We detected a negative linear relationship between risk category and cortical thickness of the left pars opercularis. This suggests, that the cortical thickness is associated with the total number of risk factors, i.e. the magnitude of the risk. Cortical thickness was shown to decrease with age in a linear manner in young individuals, while different genes may contribute to cortical change in different ages [8, 16]. This phenomenon might be locally accelerated in individuals at risk for bipolar disorders. Longitudinal, structural MRI, and genetic analyses are necessary to assess the dynamic changes in individuals at risk.
In our statistical model, the effect size of the thinner cortex was moderate (as defined by Cohen’s d of 0.47). This is higher than the effect sizes in other above-mentioned multicenter studies of patients with established disease (Cohen’s d ≤ 0.293) [9, 10]. Compared to the multicenter studies mentioned, here we present a sample of adolescents and young adults in the early stages of the potential development of bipolar disorder with a low cumulative dose of medication. Whereas those studies pooled datasets acquired within independent single studies, the recruitment and data acquisition in our study was performed in each center according to the same study protocol. These factors might have contributed to the effect size. As the expected effect sizes were small, we performed a literature-based, hypothesis-driven ROI analysis. There might be other affected regions as well (for example the widespread prefrontal or temporal cortices), however, our sample would not have significant power to detect weak effects in a whole-brain exploratory analysis.
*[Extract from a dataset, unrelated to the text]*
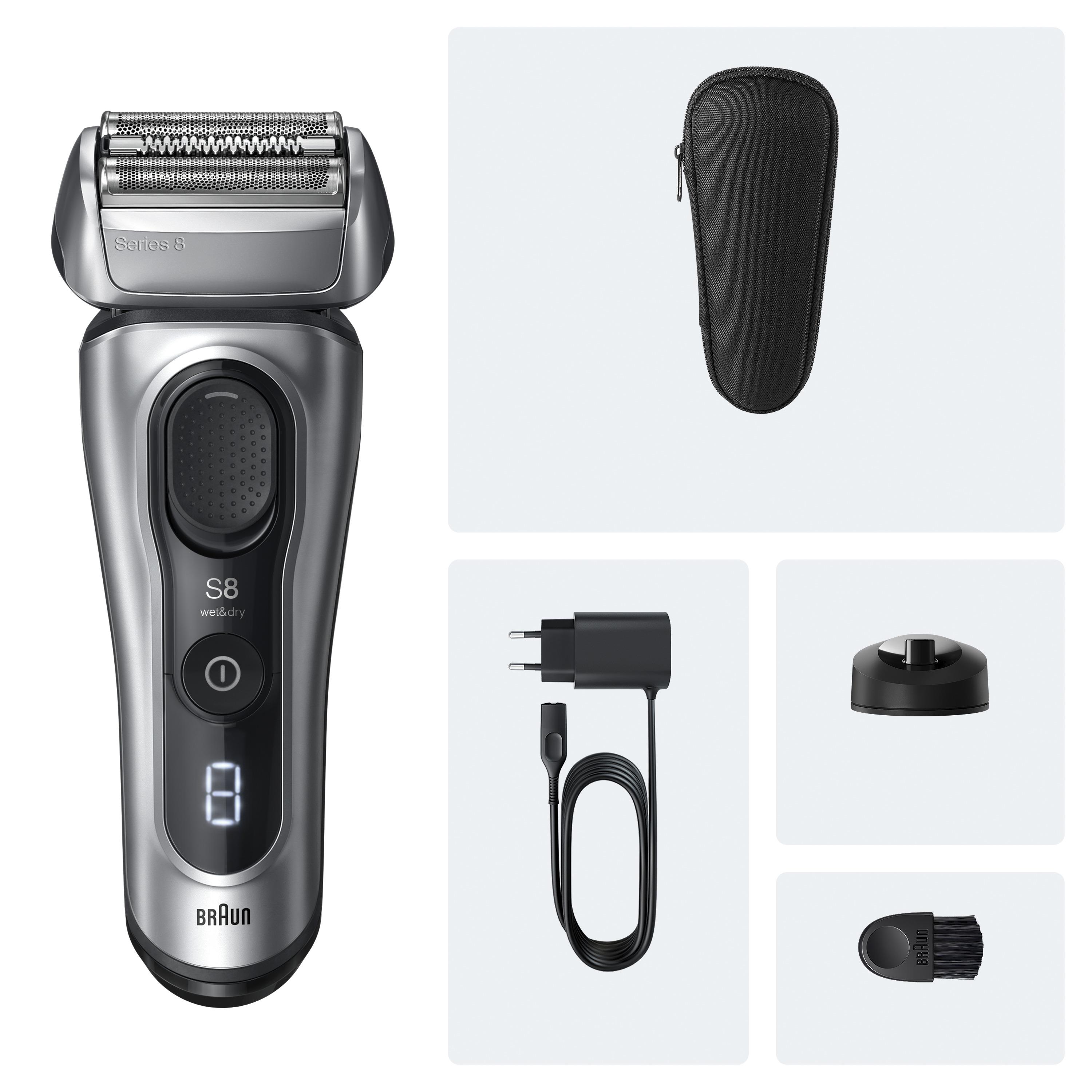 Kutu İçeriği: Cihaz, Taşıma Çantası, Şarj Standı, Şarj Aleti, Temizleme Fırçası.

Collecting data using the same study protocol for each center under close supervision enabled us to control for diverse factors, which might contribute to differences in cortical thickness. Beyond age, sex, and current medication, we also controlled for smoking status, past and present cannabis use. The cortical thickness reduction of pars opercularis stayed significant even with correcting for these confounders. We did not correct for education status, as the majority of individuals in all groups attended high-school. Correcting for cannabis use might be misleading, as substance abuse is one of the risk factors in EPIbipolar. However, here the corresponding risk-defining item is not equivalent, as it evaluates increasing, periodic substance abuse, which is only one aspect of possible patterns of cannabis use. This criterion was met only in a few (1.5%) subjects in our sample. On the other hand, chronic cannabis use was associated with patterns of cortical thickness reductions also in prefrontal regions, including left pars opercularis [40,41,42]. For that reason, correcting for cannabis use in this structural MRI study is still appropriate.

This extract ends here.